Works with clang 3.4 and gcc 4.9 (not with 4.8); for both need to set -std=c++1y. The reason you need c++14 is because of the auto parameters in the lambda function.

Questions:
Answers:

If you insist on using range based for, and to know index, it is pretty trivial to maintain index as shown below.
I do not think there is a cleaner / simpler solution for range based for loops. But really why not use a standard for(;;)?
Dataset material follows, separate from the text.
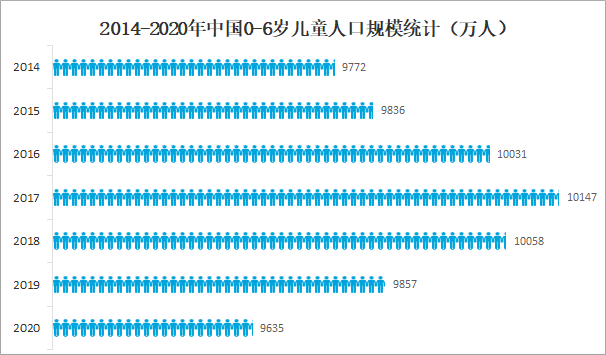 隨著中國人口出生率的下滑,中國0-6歲兒童人口規模也逐年減少,2020年中國0-6歲兒童人口規模為9635萬人,較2019年減少了222萬人,同比減少2.3%。

That probably would make your intent and code the clearest.

vector<int> list;
int idx = 0;
for(auto& elem:list) {
    int i = elem;
    //TODO whatever made you want the idx
    ++idx;
}

Questions:
Answers:

I read from your comments that one reason you want to know the index is to know if the element is the first/last in the sequence. If so, you can do

for(auto& elem:list) {
//  loop code ...
    if(&elem == &*std::begin(list)){ ... special code for first element ... }
    if(&elem == &*std::prev(std::end(list))){ ... special code for last element ... }
//  if(&elem == &*std::rbegin(list)){... (C++14 only) special code for last element ...}
//  loop code ... 
}

EDIT: For example, this prints a container skipping a separator in the last element. Works for most containers I can imagine (including arrays), (online demo http://coliru.stacked-crooked.com/a/9bdce059abd87f91):

#include <iostream>
#include <vector>
#include <list>
#include <set>
using namespace std;

template<class Container>
void print(Container const& c){
  for(auto& x:c){
    std::cout << x; 
    if(&x != &*std::prev(std::end(c))) std::cout << ", "; // special code for last element
  }
  std::cout << std::endl;
}

int main() {
  std::vector<double> v{1.,2.,3.};
  print(v); // prints 1,2,3
  std::list<double> l{1.,2.,3.};
  print(l); // prints 1,2,3
  std::initializer_list<double> i{1.,2.,3.};
  print(i); // prints 1,2,3
  std::set<double> s{1.,2.,3.};
  print(s); // print 1,2,3
  double a[3] = {1.,2.,3.}; // works for C-arrays as well
  print(a); // print 1,2,3
}

Questions:
Answers:

There is a surprisingly simple way to do this

vector<int> list;
for(auto& elem:list) {
    int i = (&elem-&*(list.begin()));
}

where i will be your required index.

This takes advantage of the fact that C++ vectors are always contiguous.